_TASK TO COMPLETE_
After dropping the pictures, give again exactly the lines of the data from its first line through the line with "conta o professor.", which is included as well.

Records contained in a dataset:
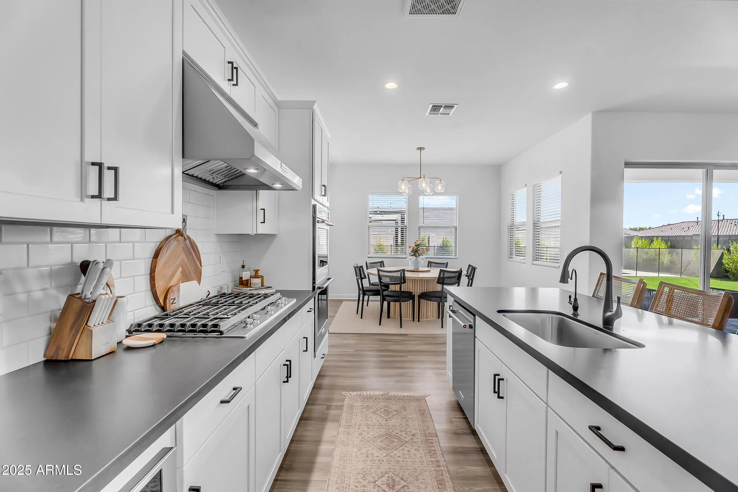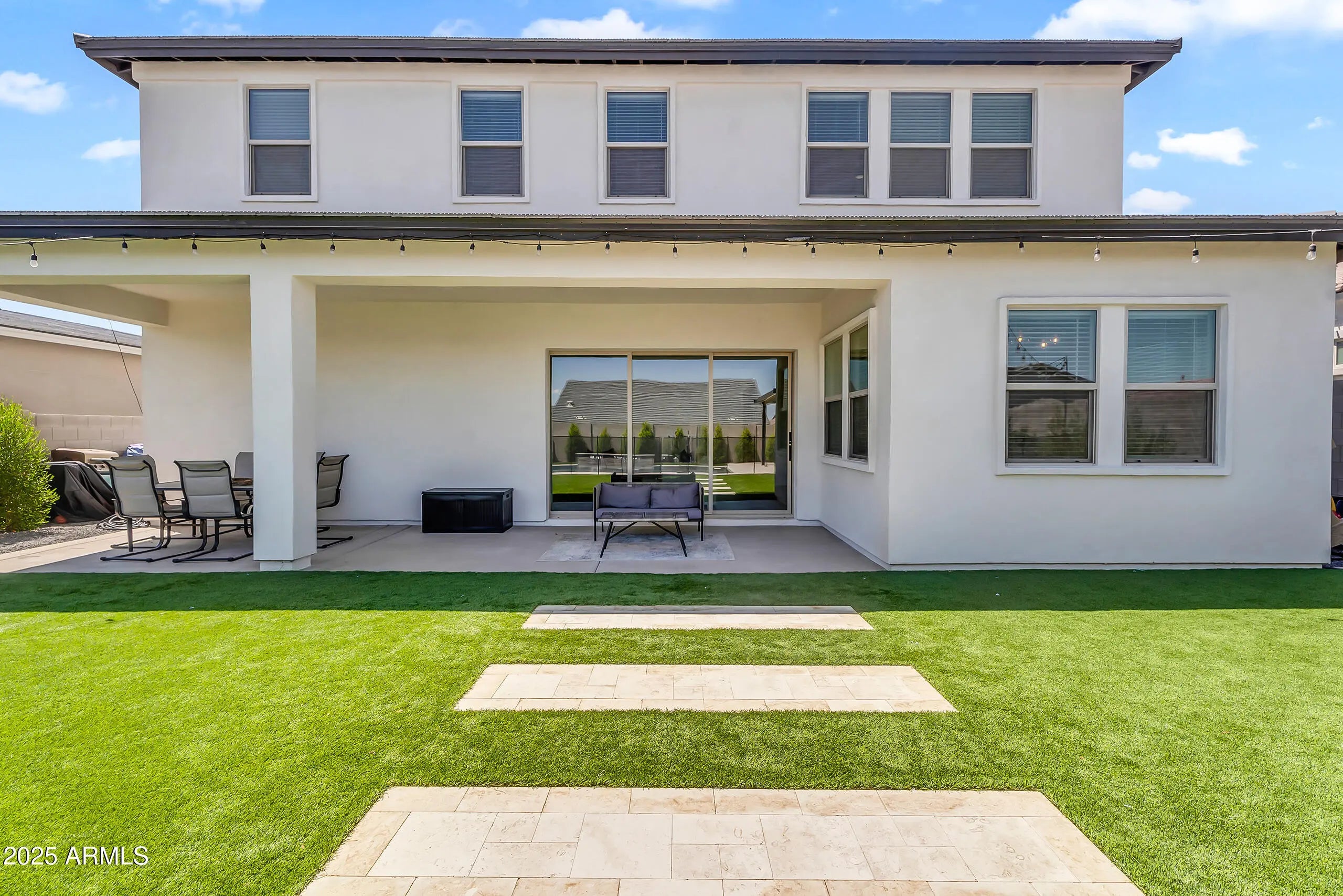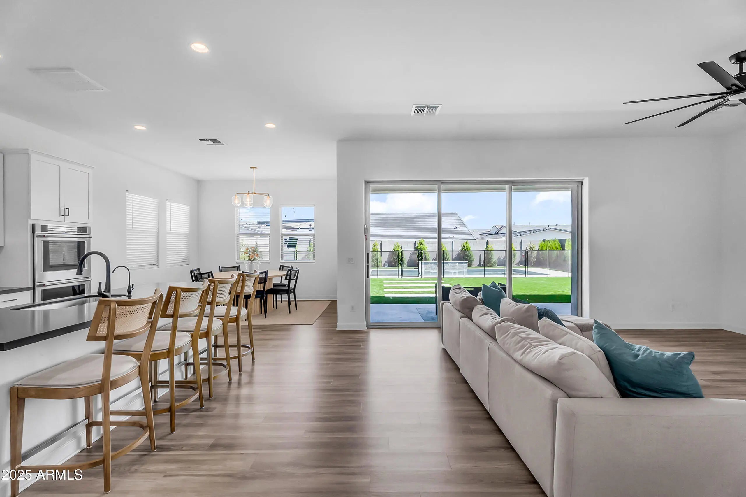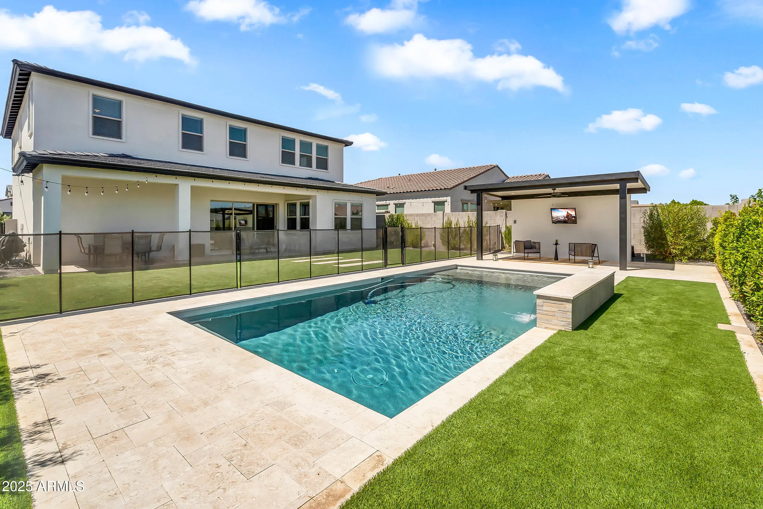 This beautiful two-story home blends modern design with functional living. The open floor plan features a spacious living area, gourmet kitchen with stainless steel appliances, double ovens, subway tile backsplash, and a large island with bar seating. Oversized sliding glass doors open to a backyard built for entertaining, complete with a sparkling pool and water feature, travertine decking, turf, a custom pergola, and a spacious extended patio. Upstairs, generously sized bedrooms provide space for the whole family, while the primary suite offers a bright and private retreat. With low-maintenance curb appeal in the front and a resort-style yard in the back, this home is move-in ready and truly has it all.
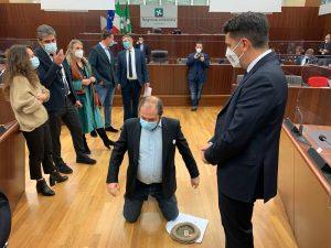 Seduta sospesa e intervento della Digos questa mattina al Consiglio regionale della Lombardia. Clima infuocato per il caso dell'errore nei dati che ha spedito la Lombardia in zona rossa per una settimana. Dopo l'intervento di Fontana, il consigliere di + Europa Michele Usuelli si è inginocchiato in aula per chiedere di rendere pubblici i dati disaggregati sull'epidemia. Il collega del Pd Bussolati ha invece consegnato un pallottoliere a Fontana.
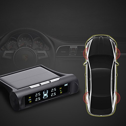 FociPow Solar Energy TPMS Tire Pressure Monitor System Adjustable LCD Display with USB Charger
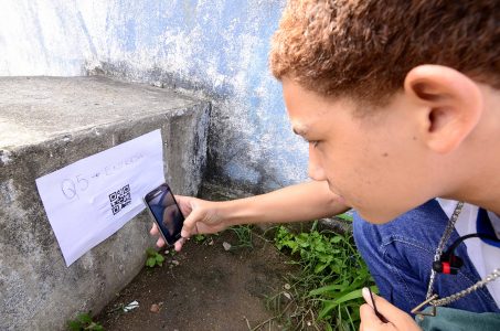 “Com o leitor de QR code no celular, eles recebem um exercício e precisam resolvê-lo. Eles guardam o resultado da questão e depois vão para os outros exercícios. A soma dos resultados é a senha do cadeado que tranca o baú do tesouro. Quem conseguir abrir primeiro, ganha o prêmio do dia”, conta o professor.
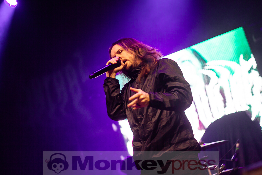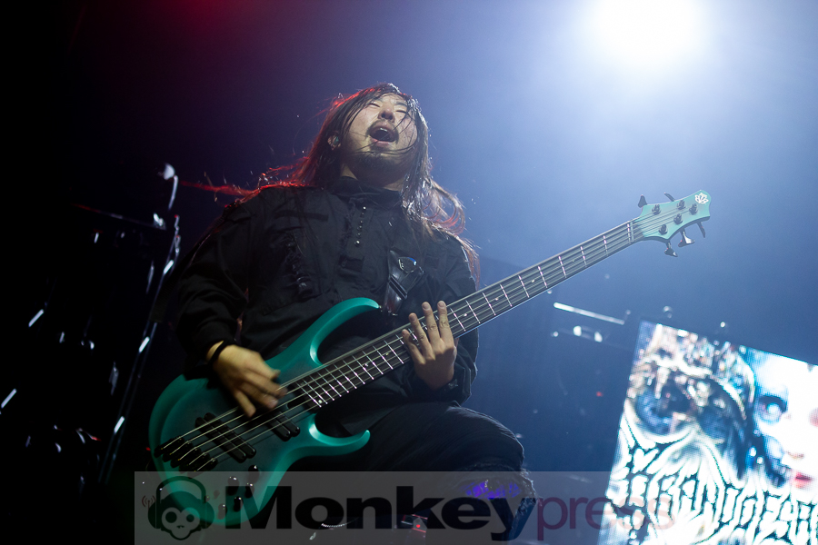 „Motionless“-Rufe bahnten sich daraufhin durch die Halle. „Is there anybody that have seen us live before? How many people are seeing us for the first time ever tonight? So fucking sick. Hopefully, we’ll see some of you guys when we come back in the summer. But until then. Here’s what we like to do to make sure that whether you’re seeing us for the 10th time or the first time. Maybe you know some of the lyrics? Maybe you don’t know any? We like to make sure that there’s one spot in one song of our set that everybody can sind along together. It’s very easy. What we’re gonna do is the middle of this next song. I scream two words, and then you’re gonna scream two more, right back at me. I say ‚One mutilation‘. And then every single one of you, even you guys on top. You can scream back at me ,Under God‘. This song is called ,Slaughterhouse‘.“
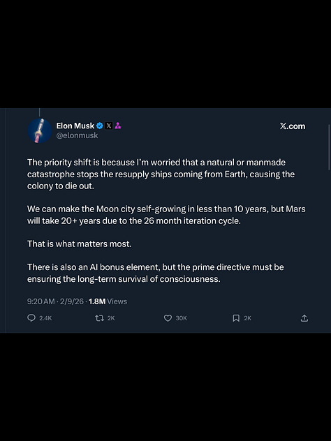 For a quarter of a century, South African immigrant Elon Musk has promoted the narrative that humanity must become “multi-planetary” in order to “preserve the light of consciousness.” This has been his central argument for investors and the federal government to give SpaceX billions of dollars to “Occupy Mars.”
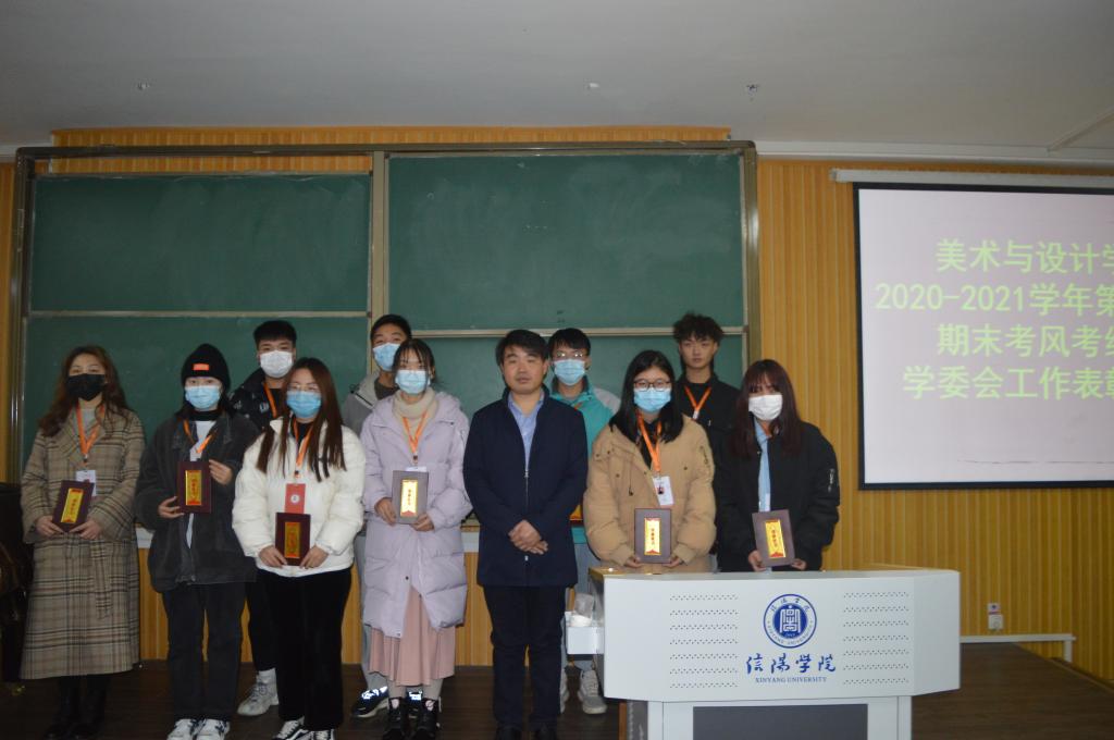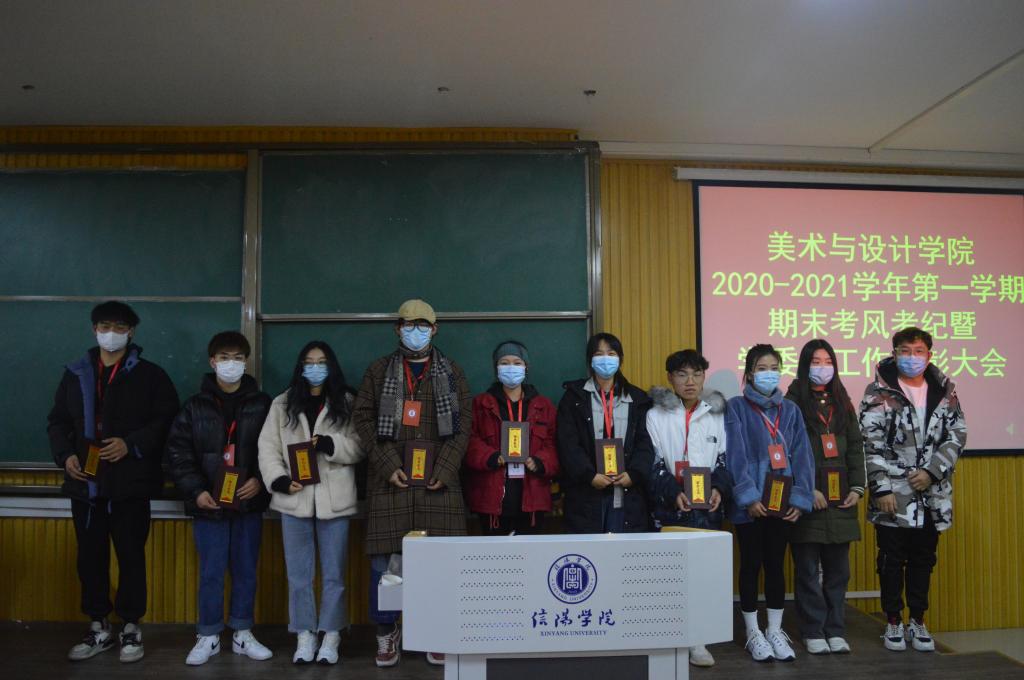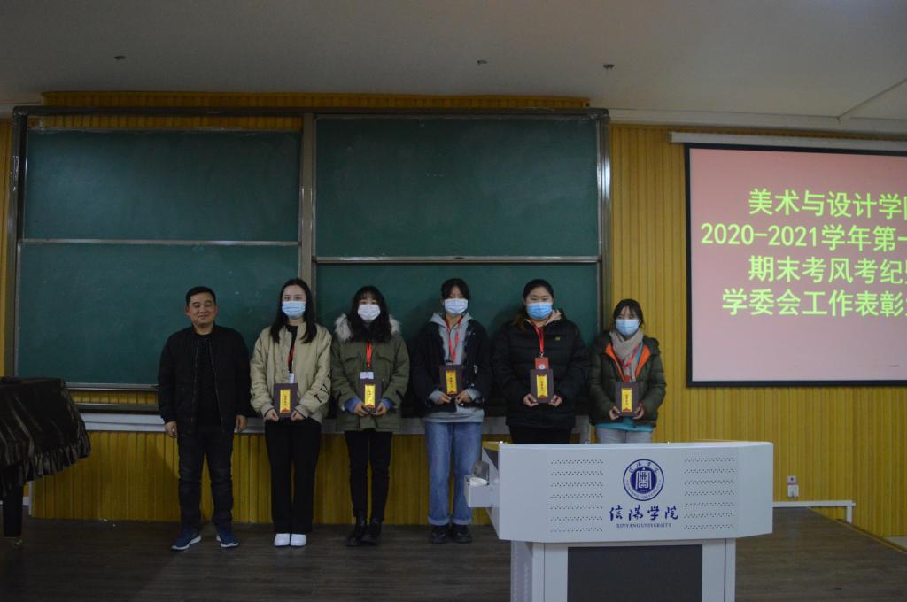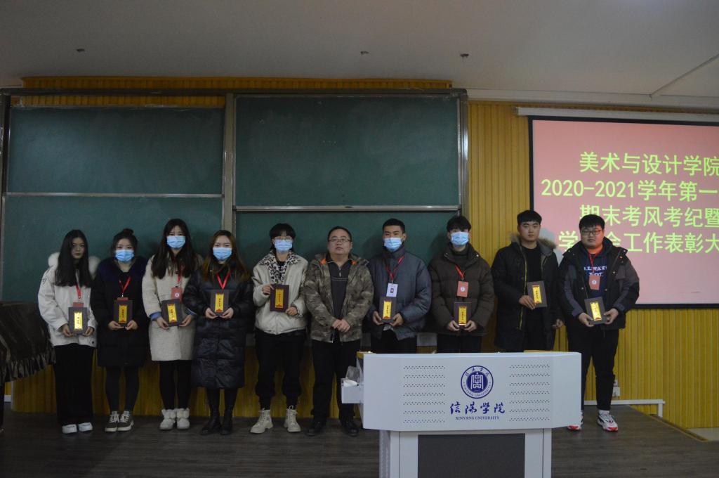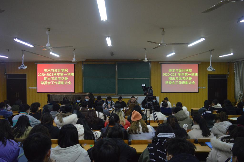 为严肃考风考纪,保障本学期期末考试工作顺利进行。12月24日晚,美术与设计学院在艺术楼101室召开2020-2021学年第一学期期末考试考风考纪教育大会暨学院学委会表彰会。学院党总支副书记袁军、教学秘书周连峰、学工干事周扬、全体辅导员、教学资产管理员路凤云,学院第九届学委会全体学生干部、各年级班级学生干部代表参加了本次会议。会议由周连峰主持。

_PROBLEM SOLUTION_
 This beautiful two-story home blends modern design with functional living. The open floor plan features a spacious living area, gourmet kitchen with stainless steel appliances, double ovens, subway tile backsplash, and a large island with bar seating. Oversized sliding glass doors open to a backyard built for entertaining, complete with a sparkling pool and water feature, travertine decking, turf, a custom pergola, and a spacious extended patio. Upstairs, generously sized bedrooms provide space for the whole family, while the primary suite offers a bright and private retreat. With low-maintenance curb appeal in the front and a resort-style yard in the back, this home is move-in ready and truly has it all.
 Seduta sospesa e intervento della Digos questa mattina al Consiglio regionale della Lombardia. Clima infuocato per il caso dell'errore nei dati che ha spedito la Lombardia in zona rossa per una settimana. Dopo l'intervento di Fontana, il consigliere di + Europa Michele Usuelli si è inginocchiato in aula per chiedere di rendere pubblici i dati disaggregati sull'epidemia. Il collega del Pd Bussolati ha invece consegnato un pallottoliere a Fontana.
 FociPow Solar Energy TPMS Tire Pressure Monitor System Adjustable LCD Display with USB Charger
 “Com o leitor de QR code no celular, eles recebem um exercício e precisam resolvê-lo. Eles guardam o resultado da questão e depois vão para os outros exercícios. A soma dos resultados é a senha do cadeado que tranca o baú do tesouro. Quem conseguir abrir primeiro, ganha o prêmio do dia”, conta o professor.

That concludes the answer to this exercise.